# First Gypsy Rig



## harpersgrace (Jan 28, 2010)

Well just made my first gypsy tab slingshot, haven't shot it yet but it looks promising, a little birch fork I picked up yesterday. Wrapped with synthetic sinew, dental floss, glued and then covered over with vinyl tape.


----------



## Dayhiker (Mar 13, 2010)

That's a sassy lookin' little filly, Harp.


----------



## harpersgrace (Jan 28, 2010)

it fits the hand quite nicely, think I'll put 2040 tubes on it.


----------



## slingshot 0703 (Mar 25, 2010)

nice


----------



## philly (Jun 13, 2010)

Good one Harp, you are going to like those tabs I bet.
Philly


----------



## mckee (Oct 28, 2010)

good looking fork!


----------



## harpersgrace (Jan 28, 2010)

Thanks got it rigged up, seems to shoot fine.
http://s40.photobucket.com/albums/e202/illmade2/?action=view&current=SU1HMDE4ODguanBn-2.jpg


----------



## BaneofSmallGame (Sep 22, 2010)

Harp?? Changing his ways?!

Yeah man! That's what I like to see, we all need a little change up here and there, and this is 2 from you in a week (Rufus forks...)....is this a sign of the Apocalypse?

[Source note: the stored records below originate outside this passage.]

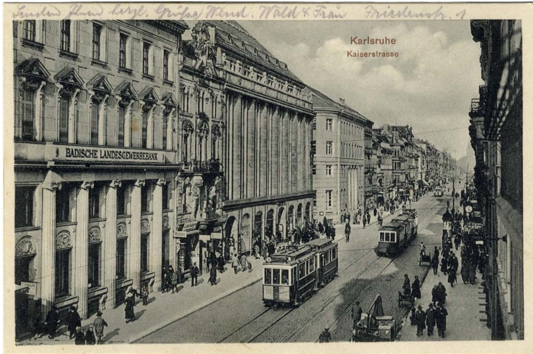
Badische Landesgewerbebank und rechts davon das Warenhaus Tietz, um 1926.

© Stadtarchiv Karlsruhe; StAK 8/PBS oXIIIb 798
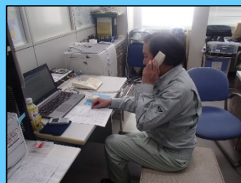
関係する警察・消防・県・市町村・報道機関へ通知する訓練
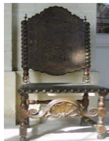
Sur une chaise
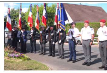
Présence de 17 Porte drapeaux
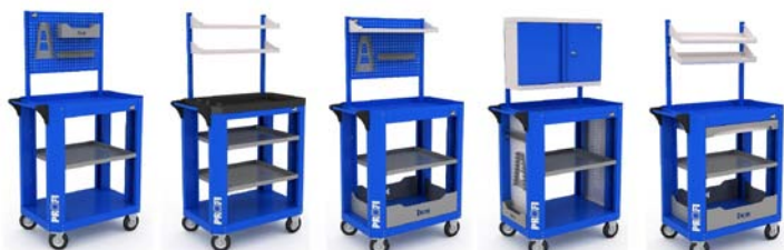
Тележка PROFИ №1-1 Артикул 301-1001-00 Тележка PROFИ №2-2 Артикул 301-1001-00 Тележка PROFИ №3-3 Артикул 301-1001-00 Тележка PROFИ №4-4 Артикул 301-1001-00 Тележка PROFИ №5-5 Артикул 301-1001-00
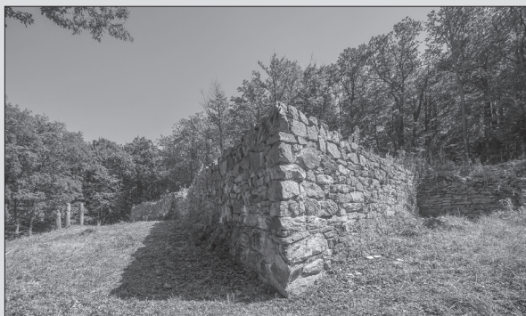
Zvyšky stredovekého hradu na Hradovej

Alright, kidding aside that is yet another very nice natural from you, I am just slightly partial to this because of the tabs, but then again those Rufus forks are fantastic too! Good going, isn't the weather nice outside of the box?









Cheers - John


----------



## smitty (Dec 17, 2009)

Nice one Harp !


----------



## harpersgrace (Jan 28, 2010)

BSG
Oh I still like my box, it's warm and cozy in there and I have two forks that will be back to my style......I can see myself doing more Hussey style forks than gypsy rigs. i like them, but I like them when other people make them more...







but the Hussey stlye seems to call to me. I do want to do one of DH's paratabs though.


----------



## jmplsnt (Jan 1, 2010)

Nice one HG. We all have to shake things up a little now and then and we'd never find things we really like unless we try something. I'll also say there is something just good and right about finding the one thing that works well for you and sticking with it as you have done with your shoot-throughs.

Glad you tried it and looks good from here mate.


----------



## Dan the Slingshot Man (Nov 21, 2010)

very nice shooter, I really like your finish. It's nice and shiny


----------



## JohnRio (Oct 8, 2011)

What glue did you use for your gypsy tabs? Epoxy resin / araldite? or superglue? or woodglue?


----------